[Your objective]
Go through the entries below and print each one exactly, leaving out pictures.

[Dataset records]

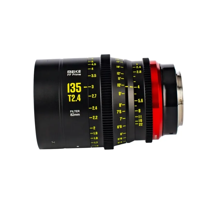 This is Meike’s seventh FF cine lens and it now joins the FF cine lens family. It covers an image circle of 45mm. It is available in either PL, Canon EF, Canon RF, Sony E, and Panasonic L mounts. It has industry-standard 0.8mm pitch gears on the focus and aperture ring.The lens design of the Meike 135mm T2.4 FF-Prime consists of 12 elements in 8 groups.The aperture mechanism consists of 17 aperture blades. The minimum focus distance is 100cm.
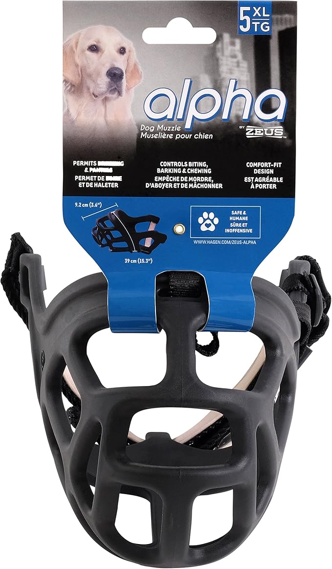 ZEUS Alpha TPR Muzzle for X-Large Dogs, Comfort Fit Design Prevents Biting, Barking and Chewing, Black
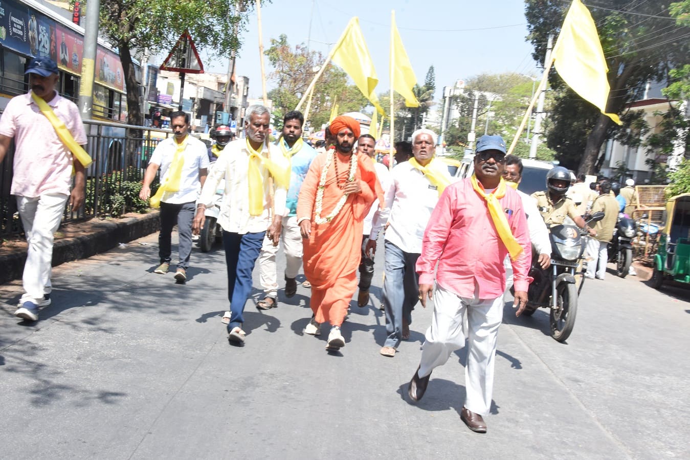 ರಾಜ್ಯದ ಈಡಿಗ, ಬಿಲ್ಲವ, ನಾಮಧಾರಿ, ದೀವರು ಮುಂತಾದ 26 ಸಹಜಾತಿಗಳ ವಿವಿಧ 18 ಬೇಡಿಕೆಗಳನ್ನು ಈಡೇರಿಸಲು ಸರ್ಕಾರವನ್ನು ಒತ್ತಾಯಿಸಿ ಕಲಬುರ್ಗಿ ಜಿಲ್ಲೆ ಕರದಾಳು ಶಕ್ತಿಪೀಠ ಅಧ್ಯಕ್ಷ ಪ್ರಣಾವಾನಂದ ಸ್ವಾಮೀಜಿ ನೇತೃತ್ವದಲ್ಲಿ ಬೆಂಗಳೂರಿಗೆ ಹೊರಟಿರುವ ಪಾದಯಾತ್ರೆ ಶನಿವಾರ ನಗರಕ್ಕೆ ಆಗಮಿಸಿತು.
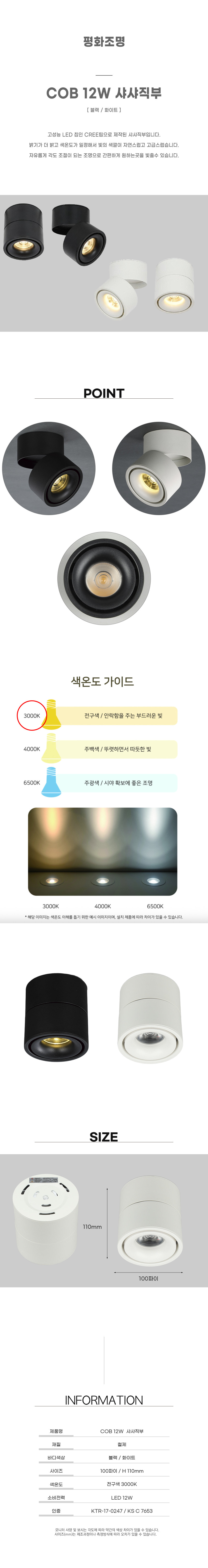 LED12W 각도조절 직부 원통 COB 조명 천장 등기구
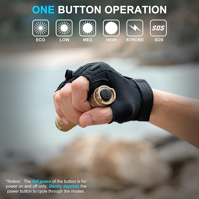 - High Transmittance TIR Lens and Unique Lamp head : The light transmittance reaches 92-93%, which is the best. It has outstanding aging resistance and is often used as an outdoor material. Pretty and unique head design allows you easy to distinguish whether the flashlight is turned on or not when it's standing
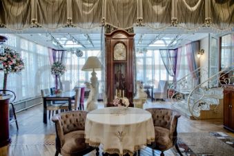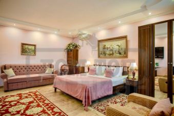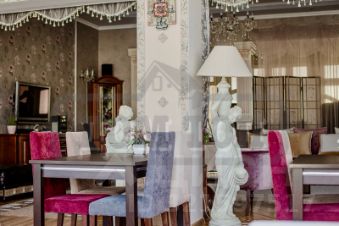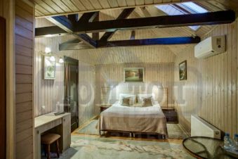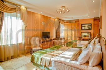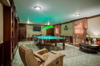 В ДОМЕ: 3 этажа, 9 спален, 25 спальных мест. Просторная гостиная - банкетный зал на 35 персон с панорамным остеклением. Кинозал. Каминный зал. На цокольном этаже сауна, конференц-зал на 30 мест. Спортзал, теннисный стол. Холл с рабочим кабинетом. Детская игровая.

[Expected answer]
 This is Meike’s seventh FF cine lens and it now joins the FF cine lens family. It covers an image circle of 45mm. It is available in either PL, Canon EF, Canon RF, Sony E, and Panasonic L mounts. It has industry-standard 0.8mm pitch gears on the focus and aperture ring.The lens design of the Meike 135mm T2.4 FF-Prime consists of 12 elements in 8 groups.The aperture mechanism consists of 17 aperture blades. The minimum focus distance is 100cm.
 ZEUS Alpha TPR Muzzle for X-Large Dogs, Comfort Fit Design Prevents Biting, Barking and Chewing, Black
 ರಾಜ್ಯದ ಈಡಿಗ, ಬಿಲ್ಲವ, ನಾಮಧಾರಿ, ದೀವರು ಮುಂತಾದ 26 ಸಹಜಾತಿಗಳ ವಿವಿಧ 18 ಬೇಡಿಕೆಗಳನ್ನು ಈಡೇರಿಸಲು ಸರ್ಕಾರವನ್ನು ಒತ್ತಾಯಿಸಿ ಕಲಬುರ್ಗಿ ಜಿಲ್ಲೆ ಕರದಾಳು ಶಕ್ತಿಪೀಠ ಅಧ್ಯಕ್ಷ ಪ್ರಣಾವಾನಂದ ಸ್ವಾಮೀಜಿ ನೇತೃತ್ವದಲ್ಲಿ ಬೆಂಗಳೂರಿಗೆ ಹೊರಟಿರುವ ಪಾದಯಾತ್ರೆ ಶನಿವಾರ ನಗರಕ್ಕೆ ಆಗಮಿಸಿತು.
 LED12W 각도조절 직부 원통 COB 조명 천장 등기구
 - High Transmittance TIR Lens and Unique Lamp head : The light transmittance reaches 92-93%, which is the best. It has outstanding aging resistance and is often used as an outdoor material. Pretty and unique head design allows you easy to distinguish whether the flashlight is turned on or not when it's standing
 В ДОМЕ: 3 этажа, 9 спален, 25 спальных мест. Просторная гостиная - банкетный зал на 35 персон с панорамным остеклением. Кинозал. Каминный зал. На цокольном этаже сауна, конференц-зал на 30 мест. Спортзал, теннисный стол. Холл с рабочим кабинетом. Детская игровая.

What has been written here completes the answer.